DOC: No, it’s even worse
ME: What could be worse than small pox?
DOC: Big pox
ME: Oh right. It seems obvious now that I think about it
this is how it feels as a teacher when a student complains about school
Yes I am the only parent at this basketball camp who snickered when the coach said during a drill ‘you need to pound it between each leg split.’
[hospital]
DOCTOR: Your wife signed a DNR
ME: I’m here for a sprained ankle
DOCTOR: She insisted
I’m at that age where I can’t simply pick something up, I need to first knock it over and then pick it up.
That wasn’t a typo. I’m into creative spelling.
Good Flirts: I’m enjoying getting to know you and don’t want it to stop.
Better Flirts: I’m trying so hard not to kiss you right now.
Me Flirting: Did you know, according to NASA, 1993’s Jurassic Park is the 7th most scientifically accurate film ever made?
[my first day as an art teacher]
“before u start drawing let your eyes linger over the subject”
(it’s a dead bullfrog dressed as a cowboy)

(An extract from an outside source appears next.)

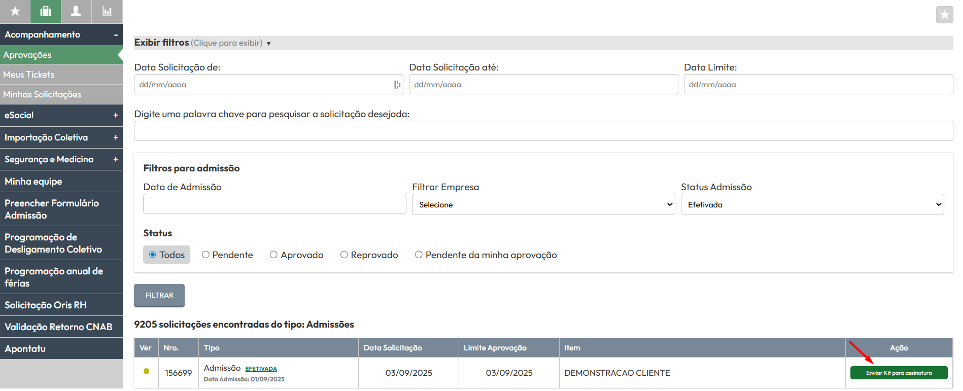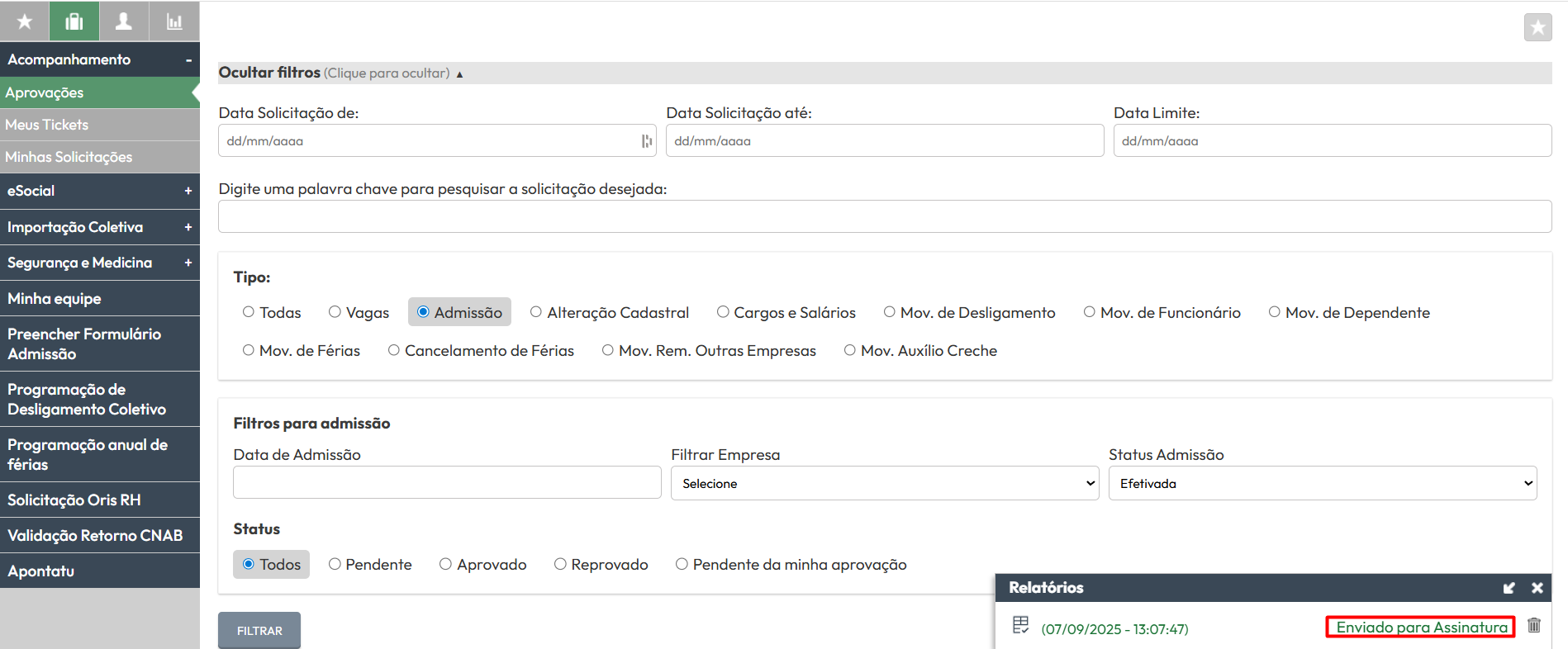Pode-se utilizar os filtros da tela para melhor visualização, selecionando Admissão e o status Efetivadas. Lembrando que essa funcionalidade se aplica somente para esse status de admissão. Será exibido o botão para enviar para assinatura.

my allegiance to alligators is based on a gut feeling. you see, the crocodile deliberately looks like he wants me dead, and as soon as possible. the alligator appears to give less of a shit, generally. so i’m like, sure, that’s something we can deal with. that’s a starting point
You get: 1 hour of extra sleep
You lose: the will to live after the sunsets at 4pm
I really think Miracle Whip lowered the bar for what constitutes a miracle.
[1st person to try jogging]
Peasant: what chasest thou, m’lady?
Jogger: Nothing. I doth run for mine own pleasure.
Peasant: *suddenly holding a torch and pitch fork* WITCH!!!